Critically, physical devices such as the network continue to deliver events at the same rate to both OSes. The dilated OS, therefore, perceives twice the network I/O rate because it experiences only half the delay between I/O events. In particular, the ``undilated'' OS observes a delay of 100 ms between packet arrivals, while the dilated OS observes only 50 ms between packet arrivals. From the dilated frame of reference, time dilation scales the observed I/O rate by the TDF (in this case two).

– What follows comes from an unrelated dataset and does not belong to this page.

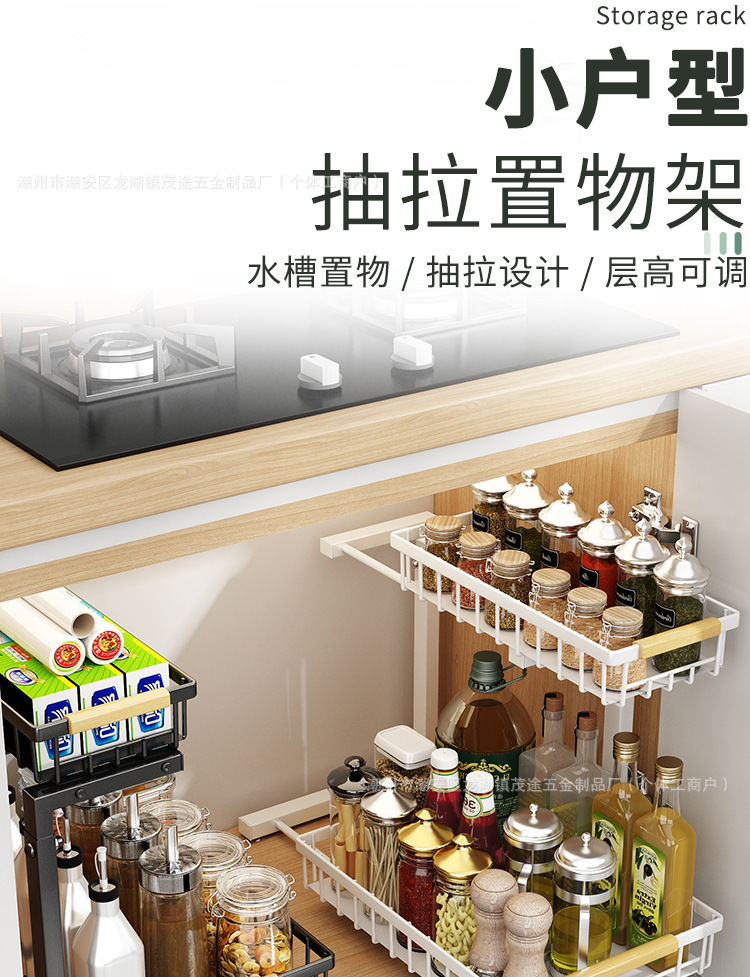 싱크대 아래 주방 선반, 바닥에서 천장까지 조절 가능한 캐비닛, 싱크대 아래 바구니, 가정용 조리대 조미료 보관함스토어 가기

Interestingly, time dilation scales the perceived available processing power as well. A system will experience TDF times as many cycles per perceived second from the processor. Such CPU scaling is particularly relevant to CPU-bound network processing because the number of cycles available to each arriving byte remains constant. For instance, a machine with TDF of 10 sees a 10 times faster network, but would also experience a tenfold increase in CPU cycles per second.

By employing large TDF values, time dilation enables external stimuli to appear to take place at higher rates than would be physically possible, presenting a number of interesting applications. Consider the following scenarios:

This work develops techniques to perform accurate time dilation for unmodified applications running on commodity operating systems and stock hardware with the goal of supporting the above scenarios. The process is relatively straightforward for simple cases, e.g., pipelined delivery of packets at a fixed rate with no losses. However, it becomes more difficult with complex protocols such as TCP that experience loss and react based on their measurements of round trip time to a remote host. To facilitate dilating time perceived by a host, we utilize virtual machine (VM) technology. Virtual machines traditionally have been used for their isolation capabilities: applications and operating systems running inside a VM can only access physical hardware through the virtual machine monitor. This interposition provides the additional potential to independently dilate time for each hosted virtual machine. In this paper, we are particularly interested in time dilation with respect to network devices; we leave faithful scaling of other subsystems to future work.

To study the impact of future networking technologies, we must also address the ratio of CPU power to network throughput. The number of cycles available per byte affects per-byte and per-packet overheads. Time dilation affects the relative rate of all external events, and the CPU is also scaled by the time dilation factor (TDF). For example, dilating time by a factor of 10 (TDF of 10) makes both the network and CPU appear to run ten times faster. Because we have chosen to implement time dilation within the context of a virtual machine monitor, we can control the relative amount of CPU time given to each VM independently.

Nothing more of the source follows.